3. `Ordinal encoding`: This is used when the categories are ordinal, and the order of the categories is important. For example, if you have a variable called "income level" with categories "low", "medium", and "high", you can use ordinal encoding to assign the values 0, 1, and 2 to these categories, respectively.

4. `Hash encoding`: This is used when the categories are nominal, and there are too many categories to use one-hot encoding. Hash encoding uses a hash function to map the categories to a fixed number of binary variables, where each variable represents a hash value. The value of the variable is 1 if the hash value is present, and 0 otherwise.

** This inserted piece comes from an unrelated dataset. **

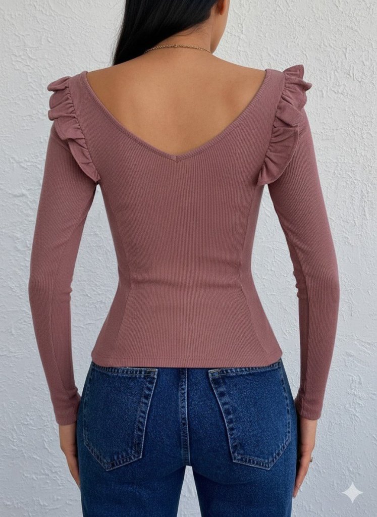 Kadın Omuz Fırfır Detay Uzun Kollu Bluz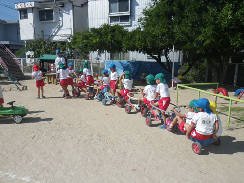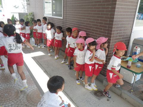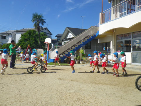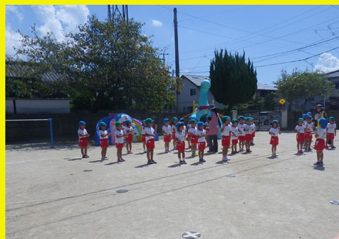 その後、年中組さんは東相浦幼稚園へ直行し組体操

5. `Frequency encoding`: This is used when the categories are nominal, and the frequency of each category is important. For example, if you have a variable called "city" with categories "New York", "Los Angeles", and "Chicago", you can use frequency encoding to assign the values 0.33, 0.25, and 0.17 to these categories, respectively, based on their frequency in the dataset.